TASK INSTRUCTIONS :: The records below are to be retyped in full. Keep every word.
RAW DATA Block Start
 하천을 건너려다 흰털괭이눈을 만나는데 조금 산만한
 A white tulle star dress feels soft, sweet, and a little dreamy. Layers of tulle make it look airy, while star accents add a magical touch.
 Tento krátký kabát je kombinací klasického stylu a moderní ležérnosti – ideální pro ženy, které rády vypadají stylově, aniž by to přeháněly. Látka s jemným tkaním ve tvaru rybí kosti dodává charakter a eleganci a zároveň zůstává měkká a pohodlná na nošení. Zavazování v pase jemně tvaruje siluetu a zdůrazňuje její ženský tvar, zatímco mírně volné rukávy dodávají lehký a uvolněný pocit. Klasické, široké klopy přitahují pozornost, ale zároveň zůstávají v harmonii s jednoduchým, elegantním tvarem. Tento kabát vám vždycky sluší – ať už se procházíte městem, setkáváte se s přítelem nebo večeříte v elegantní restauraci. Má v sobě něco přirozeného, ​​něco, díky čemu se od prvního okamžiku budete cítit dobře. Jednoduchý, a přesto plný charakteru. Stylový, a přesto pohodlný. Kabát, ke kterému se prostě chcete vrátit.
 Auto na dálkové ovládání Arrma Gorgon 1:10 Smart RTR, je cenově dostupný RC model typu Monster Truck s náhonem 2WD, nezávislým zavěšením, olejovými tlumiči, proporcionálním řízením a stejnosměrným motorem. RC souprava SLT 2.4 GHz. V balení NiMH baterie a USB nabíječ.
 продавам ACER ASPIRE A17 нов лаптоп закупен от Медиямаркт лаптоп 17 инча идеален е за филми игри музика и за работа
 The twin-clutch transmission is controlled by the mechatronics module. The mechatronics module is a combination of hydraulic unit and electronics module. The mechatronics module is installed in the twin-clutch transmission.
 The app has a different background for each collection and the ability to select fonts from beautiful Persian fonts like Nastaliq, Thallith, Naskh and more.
RAW DATA Block End
SOLVED EXERCISE ::
 하천을 건너려다 흰털괭이눈을 만나는데 조금 산만한
 A white tulle star dress feels soft, sweet, and a little dreamy. Layers of tulle make it look airy, while star accents add a magical touch.
 Tento krátký kabát je kombinací klasického stylu a moderní ležérnosti – ideální pro ženy, které rády vypadají stylově, aniž by to přeháněly. Látka s jemným tkaním ve tvaru rybí kosti dodává charakter a eleganci a zároveň zůstává měkká a pohodlná na nošení. Zavazování v pase jemně tvaruje siluetu a zdůrazňuje její ženský tvar, zatímco mírně volné rukávy dodávají lehký a uvolněný pocit. Klasické, široké klopy přitahují pozornost, ale zároveň zůstávají v harmonii s jednoduchým, elegantním tvarem. Tento kabát vám vždycky sluší – ať už se procházíte městem, setkáváte se s přítelem nebo večeříte v elegantní restauraci. Má v sobě něco přirozeného, ​​něco, díky čemu se od prvního okamžiku budete cítit dobře. Jednoduchý, a přesto plný charakteru. Stylový, a přesto pohodlný. Kabát, ke kterému se prostě chcete vrátit.
 Auto na dálkové ovládání Arrma Gorgon 1:10 Smart RTR, je cenově dostupný RC model typu Monster Truck s náhonem 2WD, nezávislým zavěšením, olejovými tlumiči, proporcionálním řízením a stejnosměrným motorem. RC souprava SLT 2.4 GHz. V balení NiMH baterie a USB nabíječ.
 продавам ACER ASPIRE A17 нов лаптоп закупен от Медиямаркт лаптоп 17 инча идеален е за филми игри музика и за работа
 The twin-clutch transmission is controlled by the mechatronics module. The mechatronics module is a combination of hydraulic unit and electronics module. The mechatronics module is installed in the twin-clutch transmission.
 The app has a different background for each collection and the ability to select fonts from beautiful Persian fonts like Nastaliq, Thallith, Naskh and more.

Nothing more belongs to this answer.